### Data Dinkes Vs Fakta Lapangan : Korban Capai 131 Orang di Satu Sekolah

Ibu hamil di Kecamatan Satar Mese, Manggarai, NTT diduga keracunan MBG dirawat di Puskesmas.
TRANSPARANN.ID, MANGGARAI – Ratusan siswa di Desa Ulu Belang, Manggarai, Nusa Tenggara Timur (NTT), terbaring lemah. Mereka diduga mengalami keracunan massal usai menyantap Makanan Bergizi Gratis (MBG).
Wajah-wajah ceria di sekolah berubah pucat sejak Kamis (12/2/2026). Gejala demam, mual, muntah, hingga diare menyerang mereka secara serentak.

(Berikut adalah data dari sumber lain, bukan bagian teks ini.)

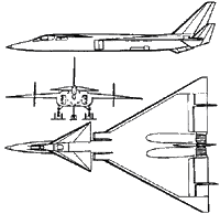 Le dessin évolua durant la phase de maquettage. Le plan canard fut supprimé ainsi que les parties supérieures des stabilisateurs verticaux d'aile. L'aile évolua d'une forme en delta simple vers une forme en double-delta. Les winglets en bout d'aile était basculé vers le bas de 45 ° à l'instar des bouts d'ailes pivotants du XB 70. |
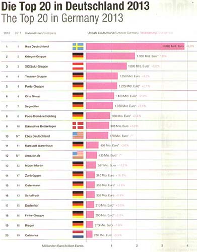A MÖBELMARKT elkészítette a speciális összeállítását, a 2013-as lakberendezési/bútorforgalmazó cégek, cégcsoportokk (valójában a 2012-es eredmények alapján összeállított aktuális lista - FATÁJ szerk.) európai/német toplistáját. Idén először már azt is megoldotta a szaklap szerkesztősége, hogy a listán megjelenhessen az Amazon és az Ebay online áruházlánc is (persze csak a bútorok forgalmi értékével)!
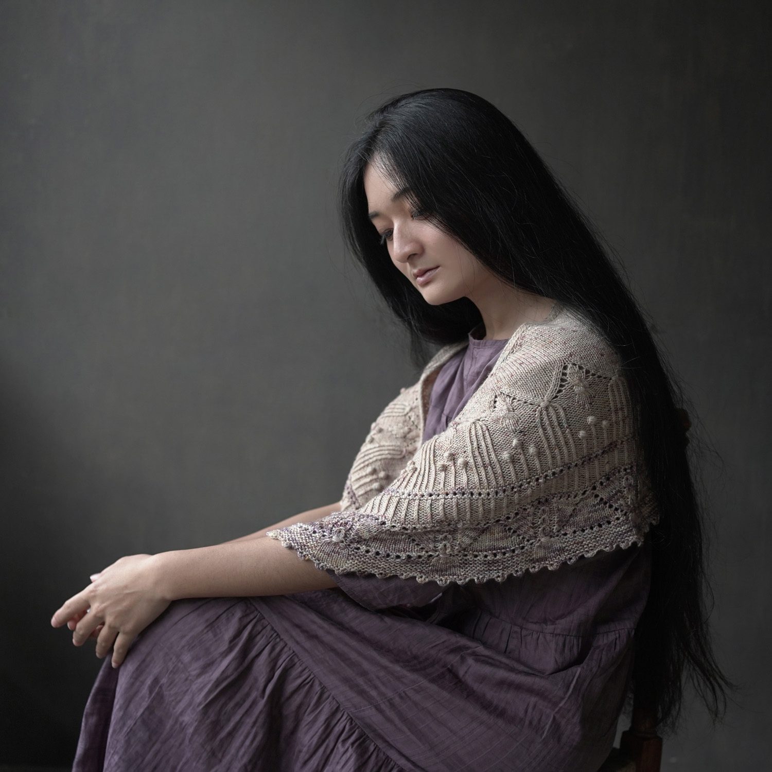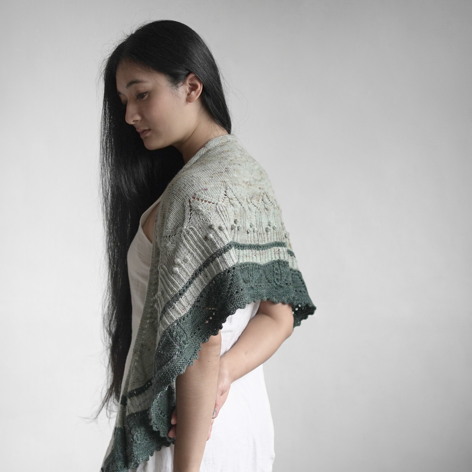 這個用兩絞線織成的披肩,由上往下編織,透過每段規律的加針,織成一個半月形的披肩。
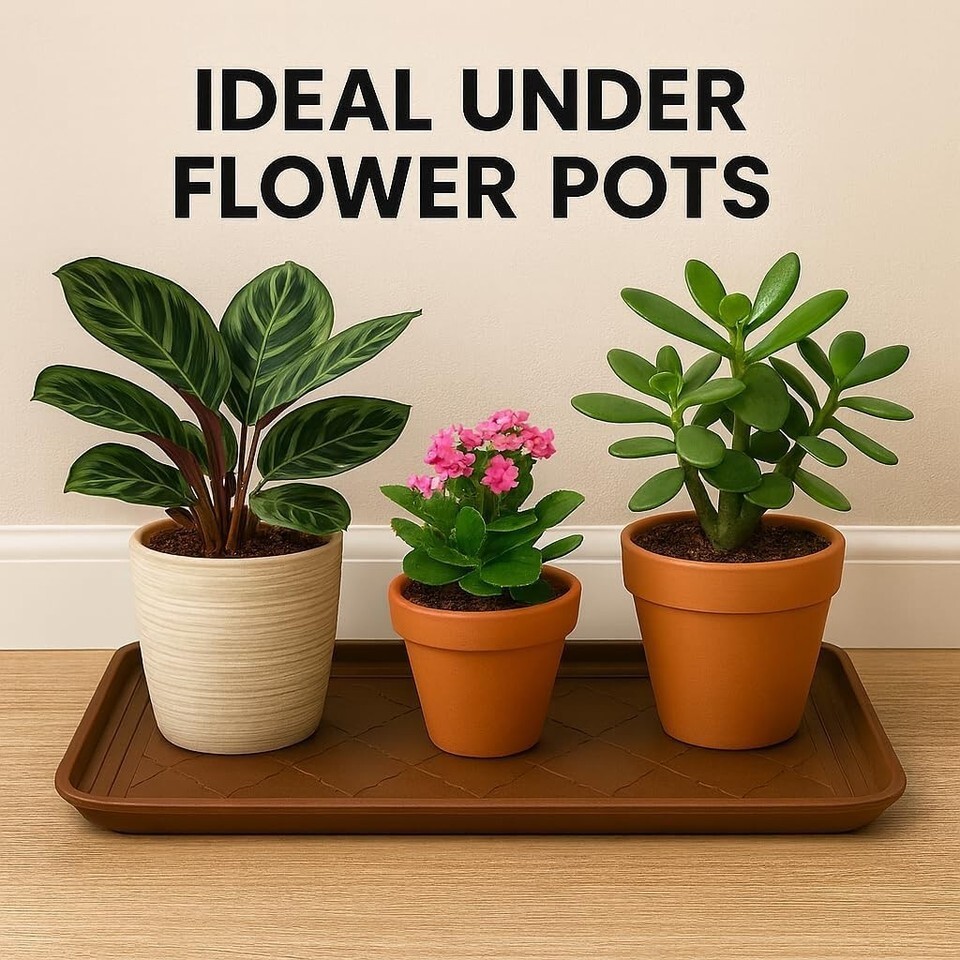 Keep floors clean and protected with this 2 pack of brown boot trays. Each tray measures 16.5" x 12.5" and is made from durable polypropylene with a waterproof design. The raised edge helps contain water, mud, snow, and dirt from shoes and boots. The textured non-slip surface keeps footwear in place, and the trays clean easily with a quick rinse. Perfect for entryways, mudrooms, garages, patios, pet feeding areas, and plant storage.
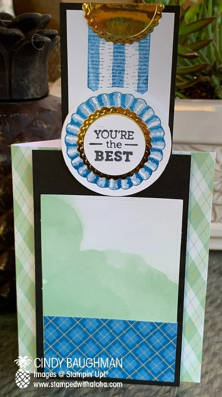 Below is the alternative easel card I created to celebrate teachers! To create this card I scored the front panel of the card base at 2 1/8 inches. The 3 x 3 1/4 Blue Argyle rectangle that the trophy is attached to was cut from a card base in the kit.
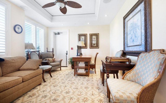 Waterfront Condo with Breathtaking Marina, Harbour, and Golf Course Views This elegant fourth-floor residence offers sun-filled, open-concept living with sweeping views of the marina and Nassau Harbour. The spacious living and dining area features beautiful limestone flooring and opens onto a covered terrace—perfect for relaxing or entertaining. The gourmet eat-in kitchen boasts a center island, granite countertops, and high-end appliances. The primary suite includes a luxurious en-suite bathroom with a custom vanity, granite counters, a jetted tub, and a generous walk-in closet. Two additional guest suites each offer private en-suite bathrooms, and there is an extra room—currently used as a den—that can easily be converted into a fourth bedroom or office. Residents have access to premier on-site amenities, including a private marina, pools, a fitness center, a concierge, and secure underground parking with 24-hour security. Ownership includes membership to a private beach club, golf course, and access to amenities at Atlantis Resort and The Ocean Club, a Four Seasons Resort.

Kepala Desa Ulu Belang, Wilhelmus Jokang, mengonfirmasi kejadian memilukan ini pada Jumat (13/2/2026).
“Gejalanya demam, mual, muntah, dan diare,” ungkap Wilhelmus.
Korban tidak hanya murid sekolah dasar. Guru, kepala sekolah, hingga tenaga kesehatan turut merasakan sakit yang sama.
Wilhelmus merinci korban di SDN Ulu Belang mencapai 131 orang dari total 185 siswa.
“Kepala SMP 15 bersama istri dan satu bidan pustu juga kena,” jelasnya.
Perbedaan Data Korban
Jumlah korban yang membludak memicu perdebatan data. Kepala SDN Ulu Belang, Lena Lensiana Ije, meragukan data Dinas Kesehatan (Dinkes) Manggarai.
Sebelumnya, Dinkes merilis data sementara sebanyak 42 kasus teridentifikasi. Lena menilai angka tersebut tidak masuk akal.
“Di sekolah saya saja korban mencapai 131 orang,” tegas Lena dikutip portal ini dari floresa.co.
Angka itu belum mencakup anak TK, PAUD, dan balita di desa tersebut. Lena menyaksikan sendiri antrean pasien yang penuh sesak di Puskesmas Ponggeok.
Ia menyebut, banyak siswa ditangani di sekolah karena kehabisan tempat. Hanya siswa dengan kondisi kritis yang dilarikan ke puskesmas.